The Danske G10 Medium-term Valuation (MEVA) model continues to suggest that the USD is overvalued vs other G10 currencies.
Thus, if political woes and rate divergence fade in 2019, the USD is at risk.
Valuation corrections could notably be due in EUR/USD (higher) and GBP/USD (higher) whereas EUR/SEK may be sticky around 10, according to MEVA.
Since our August update, see FX Strategy: MEVA 1justifying weaker dollar policy , 23 August 2018, only relatively minor changes to fundamental estimates of the Danske G10 MEdium-Term VAluation (MEVA) model have occurred, see full table below and charts overleaf. Overall, the picture remains one of an overvalued USD.
MEVA still points to upside potential in EUR/USD with the estimate now at 1.30 (previously 1.31). Following the recent move lower in spot, this leaves a marked valuation gap. This is due to both the productivity-differential and the terms-of-trade component moving in favour of the eurozone vs US in recent years while Fed-ECB divergence has dragged the spot lower. As key triggers for a fundamental correction to be initiated we see either the ECB closing in on the first rate hike and/or the Fed going on hold .
The largest correction potential remains in GBP with MEVA having GBP/USD at 1.71 and EUR/GBP at 0.75. Model factors - notably terms of trade - have weighed somewhat on GBP lately. This implies that our so-called 'Brexit correction' (assuming a crude 10% deterioration in terms of trade as a result of Brexit) leaves our adjusted EUR/GBP estimate at 0.82 (previously 0.83). A GBP risk premium due to the risk of a no-deal Brexit is a key culprit in keeping sterling undervalued at present. But, the 'Brexit correction' also illustrates that Brexit will in itself shift GBP valuation lower and thus limit appreciation.

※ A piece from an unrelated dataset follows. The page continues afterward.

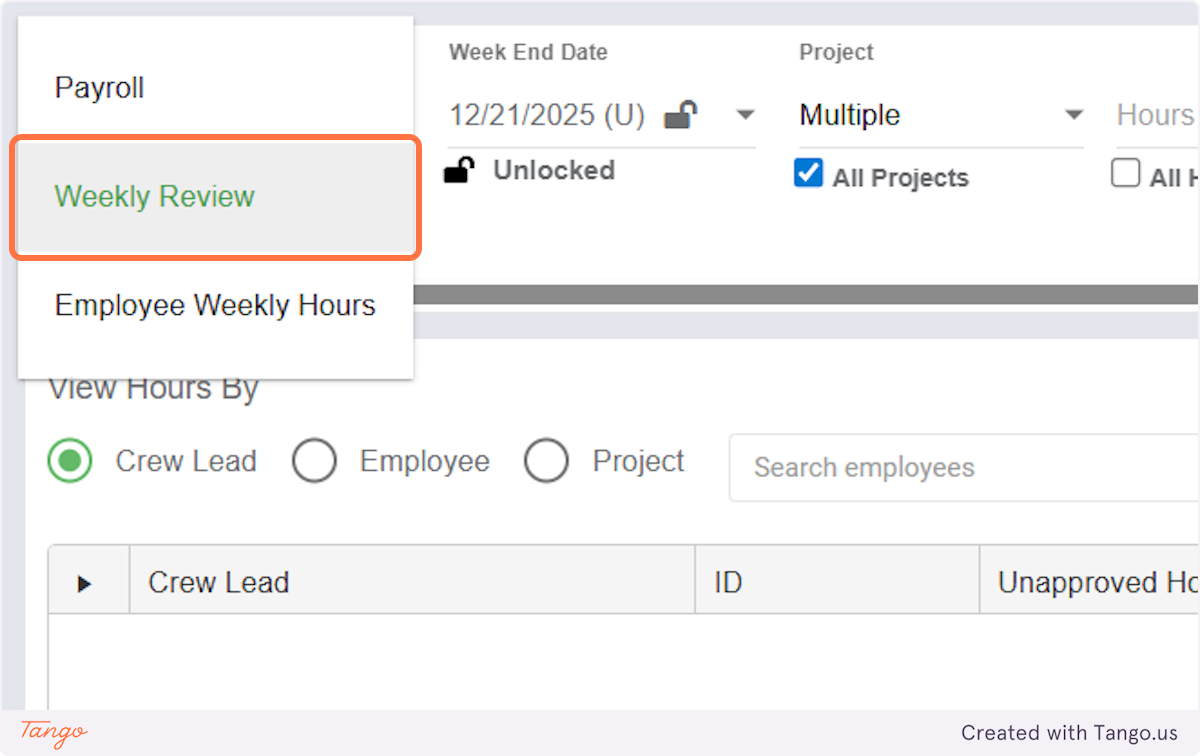 Step 5: Click on Weekly Review to access the bulk review screen.

In the Scandi sphere, the MEVA estimates hint at limited correction potential in both NOK and SEK. While we favour PPP estimates to assess EUR/NOK valuation (suggests the cross is overvalued), MEVA continues to provide crucial hints as to why EUR/SEK could be sticky around - and possibly above - 10 for longer, despite the widely accepted notion that SEK is very overvalued (derived from PPP models). MEVA 'explains' a high EUR/SEK by a combination of productivity differentials and terms of trade favouring EUR.